According to Japanese news accounts, the well-publicized corruption scandals ripping apart the government of Prime Minister Junichiro Koizumi have also had a devastating effect on Japanese-Russian relations and left long-standing negotiations between the two countries over the disputed Kuril Islands and a related peace treaty agreement in shreds. At the heart of these developments are the corruption charges that earlier this year brought about the political demise of Muneo Suzuki, one of the Japanese Liberal Democratic Party’s most powerful backroom politicians and a man who, as it turned out, was deeply involved in the formulation of Japanese foreign policy toward Russia. Investigations into Suzuki’s dealings with Russia and with respect to Japanese policy toward Moscow, moreover, have also brought disgrace upon a handful of other top Japanese Foreign Ministry officials who, like Suzuki, were intimately involved with policy toward Russia. The result on the Japanese side, according to Japanese sources, is paralysis in Tokyo with respect to Russia policy. On the Russian side, not surprisingly, it has been a new pessimism about the prospects for future relations and a sense of disillusionment with the current Japanese government.
The corrosive effect of Japan’s political turmoil on Japanese-Russian relations burst into the open this past March, when Russian Foreign Minister Igor Ivanov publicly repudiated claims that Moscow and Tokyo had agreed to a so-called “two-track” policy in resolving their most serious diplomatic dispute–over ownership of the four Russian-controlled South Kuril Islands (see the Monitor, March 20). Under the dual-track approach, the two countries were reportedly prepared to consider a solution under which Russia would agree to return the two smaller of the disputed islands–Shikotan and the Habomai–as a prelude to signing a peace treaty, and negotiations would continue separately over the fate of the other two islands–Kunashir and Iturup.
That formulation, which was based on a 1956 Soviet-Japanese joint declaration, was first proposed in September 2000 by Russian President Vladimir Putin during talks with then Japanese Prime Minister Yoshiro Mori. Suzuki, however, ultimately embraced it. It was also pushed within the Japanese Foreign Ministry by the powerful Japanese politico and several like-minded senior ministry officials. According to recent reports, this proved problematic in several ways. For one, Suzuki appeared determined to push the two-track approach because it offered him the chance to win lucrative government-funded development projects on one of the disputed islands (Kunashir). Indeed, Suzuki was later implicated in a bid-rigging scam for projects on the disputed islands that favored construction firms from his home district. At the same time, top Foreign Ministry officials later came to charge that this pursuit of personal advantage had distorted Japanese policy on the island dispute.

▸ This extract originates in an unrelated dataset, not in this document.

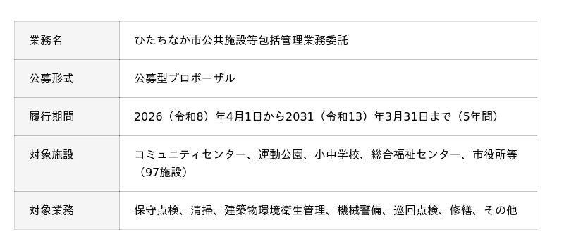 *出典:「ひたちなか市公共施設等包括管理業務委託公募型プロポーザル実施要項」 (ひたちなか市)
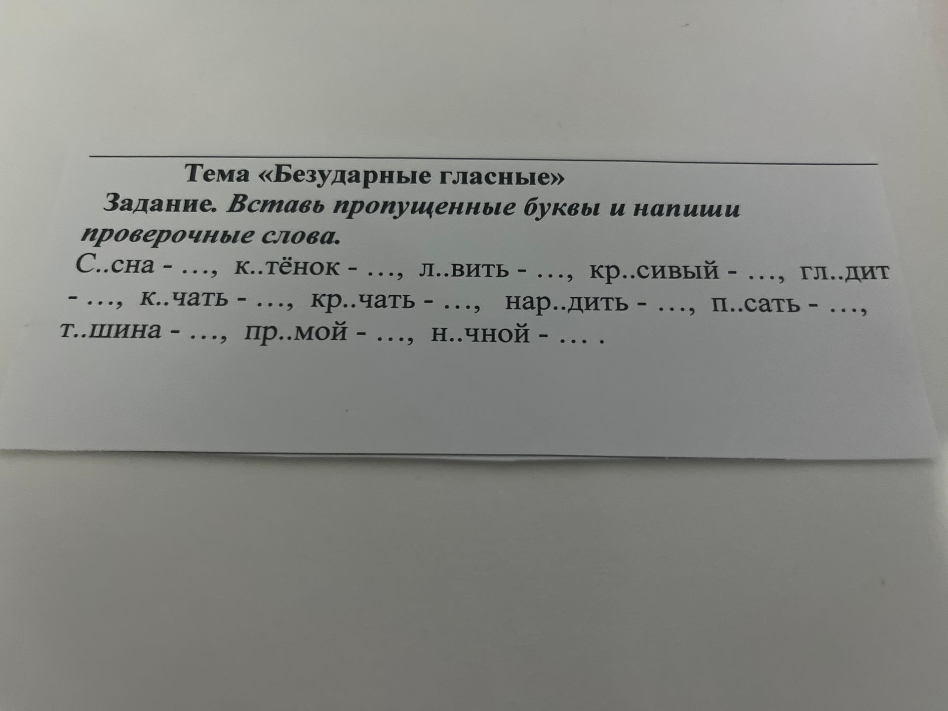 С..сна - ...., к..тёнок - ...., л..вить - ...., кр..сивый - ...., гл..дит

They claimed that the two-track approach was flawed from the start because it offered little prospect of delivering on what has been Japan’s bottom line position regarding the Kuril Islands talks since they began in 1997–the return of all four disputed islands to Japanese sovereignty.
The latest reverberations of Tokyo’s corruption scandals came last month, when Japan’s ambassadors to the Netherlands and Kazakhstan, Kazuhiko Togo and Toshimitsu Mori, respectively, were also dismissed from diplomatic service for their involvement with Suzuki’s plans. The departure of Togo, who has been described as one of the Japanese Foreign Ministry’s leading experts on Russia, appears in particular to have disturbed Moscow. According to an Itar-Tass report filed from Tokyo (and summarized by the Japan Times), Russian diplomats believe that Togo’s sacking “signals an end to a whole chapter” in improved Japanese-Russian relations. The same report claimed that “bilateral contacts [between Russia and Japan] are past their heyday, when Japan’s Prime Minister Yoshiro Mori and Russian President Vladimir Putin had six meetings over a period as short as twelve months.”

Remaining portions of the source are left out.